Methods Enzymol. 1992;207:123-31.

Neher E.

This chapter describes corrections that have to be applied to measured membrane potentials in patch clamp experiments. Some of them [Eqs. (1)-(3)] are required regardless of the nature of the reference electrode (in the Ringer's solution bath) whenever the pipette-filling solution is different from the bath solution. They represent the liquid junction potentials that are present at the pipette tip before patch formation. In addition, corrections have to be applied when the bath solution is being changed during a measurement (i.e., after seal formation). In that case the following rules apply. (1) The new solution should never get into contact with the bare silver/silver chloride wire of the reference electrode. This requirement is best met by using a salt bridge. (2) The "best" salt bridge is a 3 M KCl bridge with an abrupt KCl-bath fluid boundary at its tip (see above). This bridge does not require any additional potential corrections, but it may lead to KCl poisoning of the bath or become contaminated by solutions used previously. (3) Local solution changes (microperfusion by puffer pipette, U tool or sewer pipe arrangements) as well as recessed KCl bridges require additional corrections, which (together with the simple liquid junction potential correction) are approximately given by Eqs. (6)-(8). It should be stressed that all equations given here represent approximate corrections, since liquid junction potentials are thermodynamically ill-defined. This is particularly relevant for Eqs. (6) and (7) where the sum of two liquid junction potentials appears.

PMID: 1528115

Pubmed link : http://www.ncbi.nlm.nih.gov/pubmed/1528115?dopt=abstract

Order it from your library today!

Fraser Moss
Fraser Moss's picture
Furthermore, if you use

Furthermore, if you use pClamp, it has a built in piece of software "JPCalc" that will give a best estimate of your LJP in your experiment if you give it all the parameters you will be using.

For a reference see J Neurosci Methods (1994) 51: 107-16.

Pubmed reference page

For the stand alone JPCalc program go here
http://web.med.unsw.edu.au/phbsoft/research_jpcalc.htm

lazy
lazy's picture
I am considering 3 junction

I am considering 3 junction potentials:

(1) Junction potential between reference electrode and bath solution
(2) Ag/AgCl wire in the pipette and pipette solution
(3) liquid junction potential between pipette and bath solutions

In whole cell configuration, LJP will be disappeared.

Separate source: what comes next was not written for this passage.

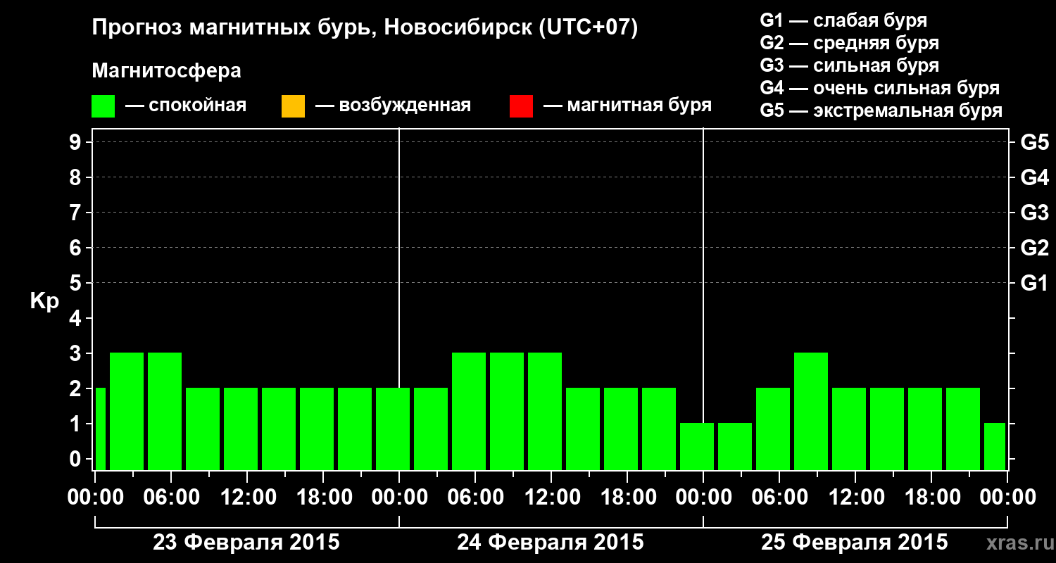 Прогноз магнитных бурь в Новосибирске — 23 февраля 2015 года

Prior to patch process, I offset the potentials of (1) and (2), but not LJP (3), since it will disappear. For that, I give the value of the LJP calculated to the software.

Fraser Moss
Fraser Moss's picture
Personally I always apply the

Personally I always apply the correction before. But I am 100% a voltage rather than current clamper.

Most amplifiers have separate controls for the offset and Vhold, so you can adjust the offset for zero current during the reference set up while Vhold is active and set to -Vlj (negative liquid junction potential).

this will anticipate the potential that will be seen by the patch after seal formation.

Vhold readings are then interpreted as -Vm for inside-out and Cell-attached patches or as +Vm for outside-out or whole-cell.